**Exercise goal**: Each line below from the line with "Bộ bàn ghế nhôm" to the line with "Vidrio rústico moderno" must be copied exactly, including those two, and no picture may appear in the copy.

**Provided records**:
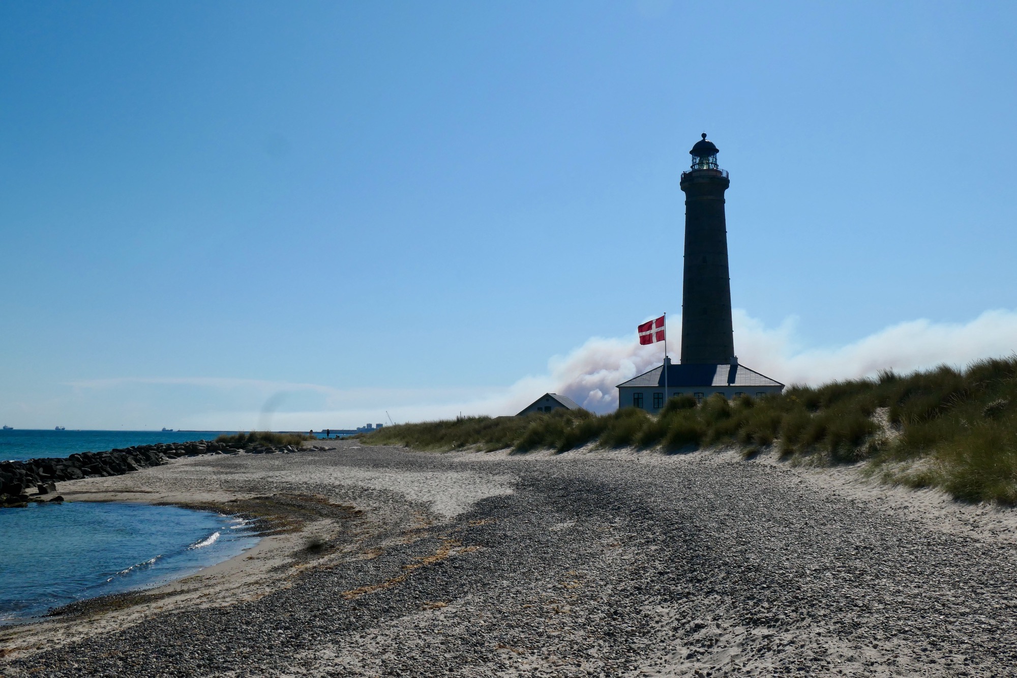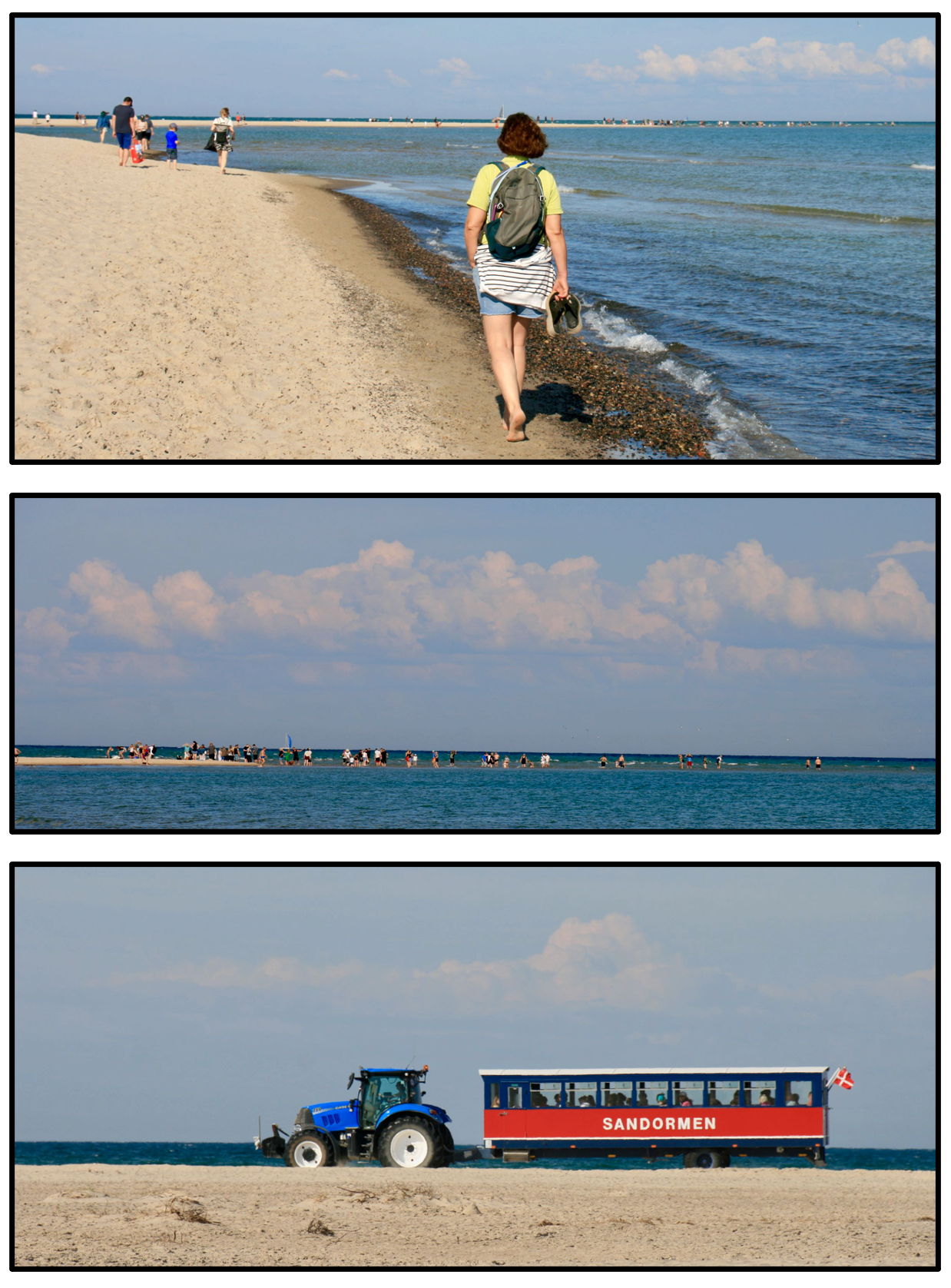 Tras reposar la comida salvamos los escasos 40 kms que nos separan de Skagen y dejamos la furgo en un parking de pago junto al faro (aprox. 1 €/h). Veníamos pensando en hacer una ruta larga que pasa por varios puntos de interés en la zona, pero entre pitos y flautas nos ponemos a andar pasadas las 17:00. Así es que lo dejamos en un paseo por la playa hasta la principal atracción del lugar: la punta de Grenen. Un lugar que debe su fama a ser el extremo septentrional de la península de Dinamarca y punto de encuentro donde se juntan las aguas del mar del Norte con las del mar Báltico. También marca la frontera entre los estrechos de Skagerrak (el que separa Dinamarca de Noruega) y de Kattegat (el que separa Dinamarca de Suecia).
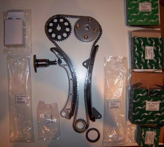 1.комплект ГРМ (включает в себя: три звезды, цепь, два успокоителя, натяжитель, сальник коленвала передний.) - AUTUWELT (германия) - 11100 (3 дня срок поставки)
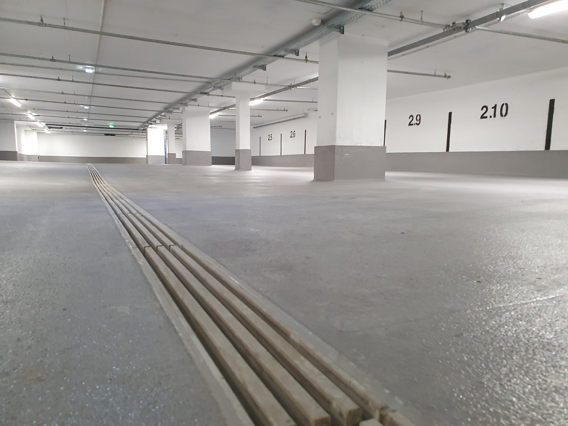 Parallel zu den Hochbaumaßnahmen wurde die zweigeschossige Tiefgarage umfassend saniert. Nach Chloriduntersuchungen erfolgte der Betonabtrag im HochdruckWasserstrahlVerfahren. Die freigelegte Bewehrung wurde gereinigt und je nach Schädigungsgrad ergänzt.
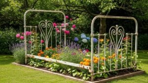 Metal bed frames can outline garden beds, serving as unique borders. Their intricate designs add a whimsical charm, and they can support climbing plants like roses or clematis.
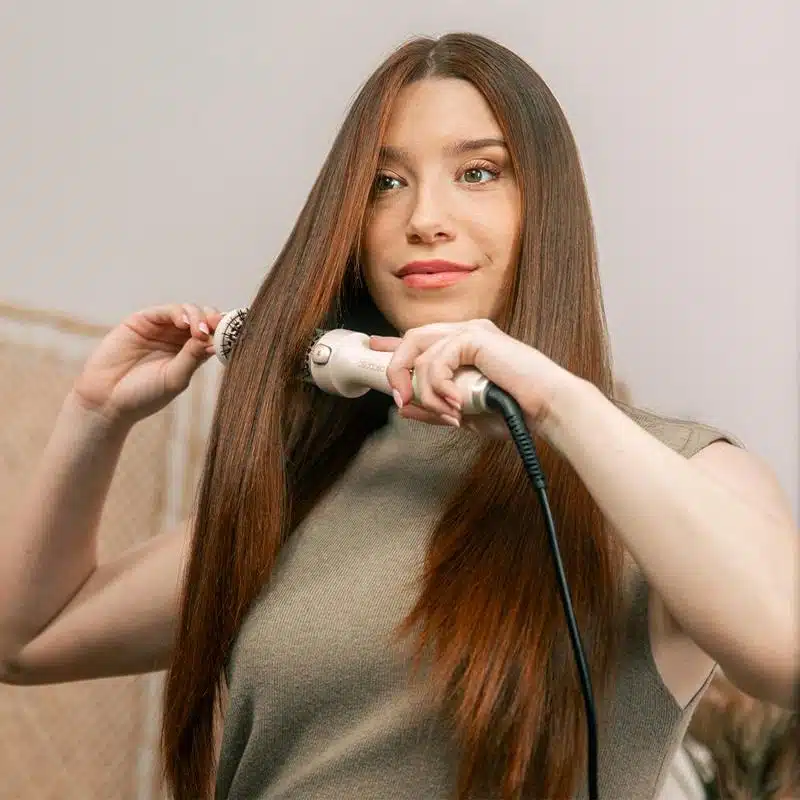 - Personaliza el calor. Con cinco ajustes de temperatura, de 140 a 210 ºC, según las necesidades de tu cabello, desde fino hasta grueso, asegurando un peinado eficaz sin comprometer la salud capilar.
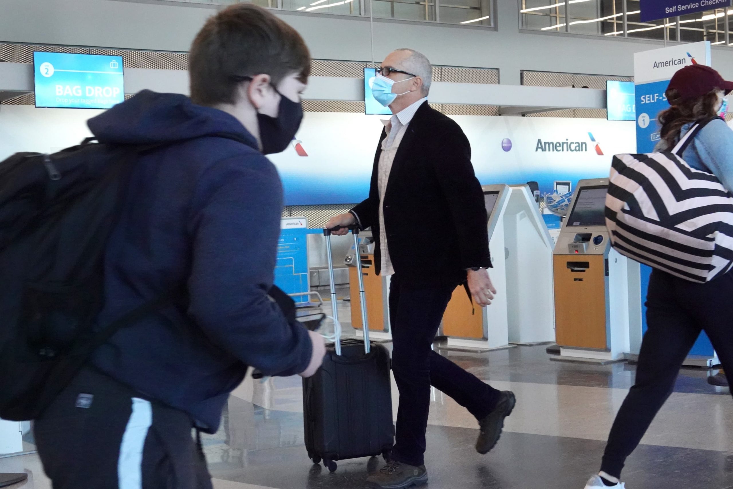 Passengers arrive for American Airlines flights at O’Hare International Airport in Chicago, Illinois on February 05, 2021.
==
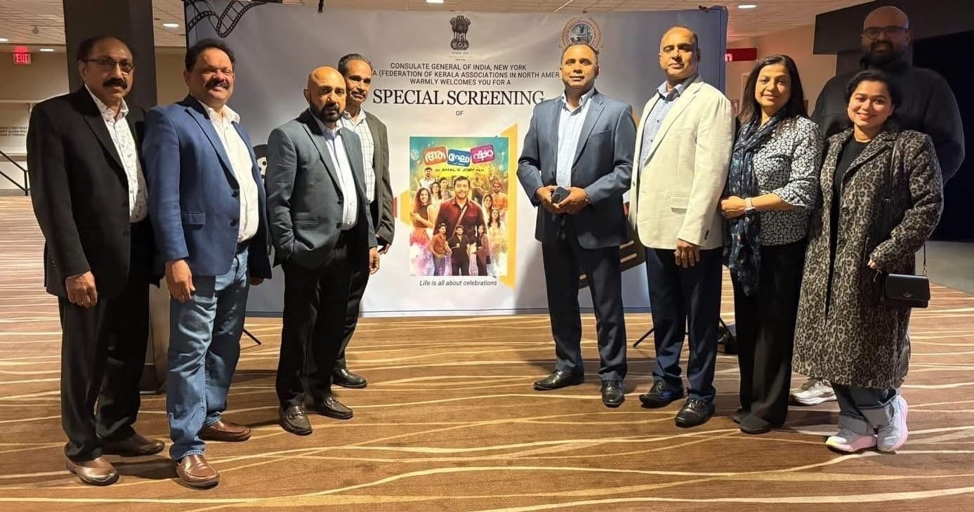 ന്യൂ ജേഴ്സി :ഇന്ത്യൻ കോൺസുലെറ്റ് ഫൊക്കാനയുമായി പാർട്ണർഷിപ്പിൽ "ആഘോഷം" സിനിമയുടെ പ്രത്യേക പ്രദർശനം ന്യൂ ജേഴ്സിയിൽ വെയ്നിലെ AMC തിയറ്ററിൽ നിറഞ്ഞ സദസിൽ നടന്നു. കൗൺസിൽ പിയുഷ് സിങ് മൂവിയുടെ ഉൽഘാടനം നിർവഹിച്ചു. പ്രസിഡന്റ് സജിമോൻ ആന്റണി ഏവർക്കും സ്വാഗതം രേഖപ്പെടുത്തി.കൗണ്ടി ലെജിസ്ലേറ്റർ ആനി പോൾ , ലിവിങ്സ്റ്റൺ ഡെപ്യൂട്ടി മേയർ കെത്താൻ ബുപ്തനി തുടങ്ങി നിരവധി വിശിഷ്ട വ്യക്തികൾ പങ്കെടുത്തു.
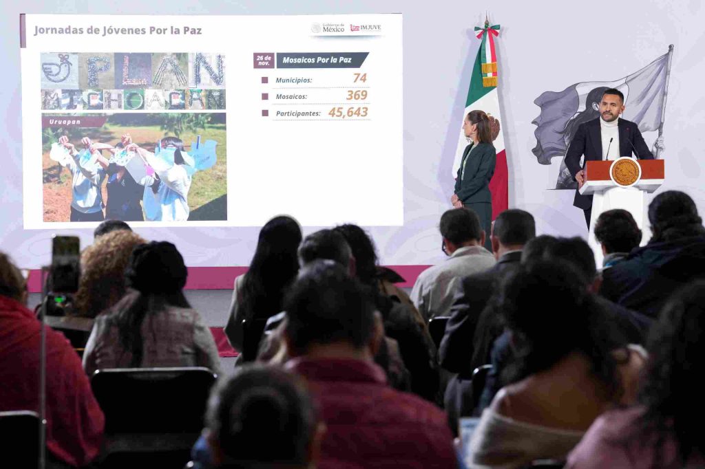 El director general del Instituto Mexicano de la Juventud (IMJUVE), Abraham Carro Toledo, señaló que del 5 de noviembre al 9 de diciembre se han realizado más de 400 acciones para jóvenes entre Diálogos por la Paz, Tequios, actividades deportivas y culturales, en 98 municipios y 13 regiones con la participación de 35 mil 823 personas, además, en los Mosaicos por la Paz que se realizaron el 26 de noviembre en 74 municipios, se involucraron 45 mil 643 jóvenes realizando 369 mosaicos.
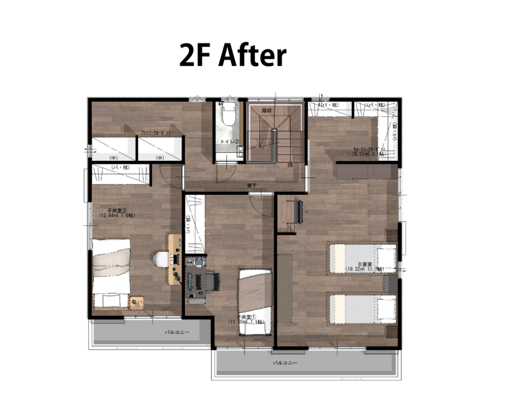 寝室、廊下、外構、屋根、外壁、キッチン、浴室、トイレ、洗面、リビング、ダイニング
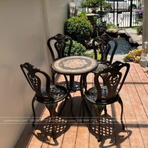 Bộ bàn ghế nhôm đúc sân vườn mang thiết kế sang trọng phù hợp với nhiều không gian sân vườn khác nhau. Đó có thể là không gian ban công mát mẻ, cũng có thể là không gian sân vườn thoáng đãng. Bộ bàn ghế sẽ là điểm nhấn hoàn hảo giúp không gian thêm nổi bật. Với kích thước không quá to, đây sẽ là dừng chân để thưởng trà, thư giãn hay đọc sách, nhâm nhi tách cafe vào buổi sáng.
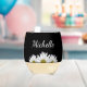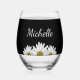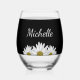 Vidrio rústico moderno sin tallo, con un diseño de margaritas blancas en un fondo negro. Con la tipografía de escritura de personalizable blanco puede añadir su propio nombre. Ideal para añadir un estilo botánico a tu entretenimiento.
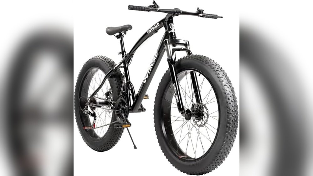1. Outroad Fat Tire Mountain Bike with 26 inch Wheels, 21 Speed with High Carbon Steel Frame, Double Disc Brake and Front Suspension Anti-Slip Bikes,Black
---
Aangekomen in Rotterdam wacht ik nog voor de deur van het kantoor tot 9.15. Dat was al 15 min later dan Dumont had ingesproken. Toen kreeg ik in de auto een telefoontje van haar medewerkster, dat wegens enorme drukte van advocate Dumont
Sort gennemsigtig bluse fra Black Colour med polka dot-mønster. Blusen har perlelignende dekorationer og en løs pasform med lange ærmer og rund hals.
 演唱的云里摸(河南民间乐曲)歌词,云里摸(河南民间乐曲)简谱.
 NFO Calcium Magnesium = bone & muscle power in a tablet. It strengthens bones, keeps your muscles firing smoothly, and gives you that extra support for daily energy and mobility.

**Answer to the problem**:
 Bộ bàn ghế nhôm đúc sân vườn mang thiết kế sang trọng phù hợp với nhiều không gian sân vườn khác nhau. Đó có thể là không gian ban công mát mẻ, cũng có thể là không gian sân vườn thoáng đãng. Bộ bàn ghế sẽ là điểm nhấn hoàn hảo giúp không gian thêm nổi bật. Với kích thước không quá to, đây sẽ là dừng chân để thưởng trà, thư giãn hay đọc sách, nhâm nhi tách cafe vào buổi sáng.
 Vidrio rústico moderno sin tallo, con un diseño de margaritas blancas en un fondo negro. Con la tipografía de escritura de personalizable blanco puede añadir su propio nombre. Ideal para añadir un estilo botánico a tu entretenimiento.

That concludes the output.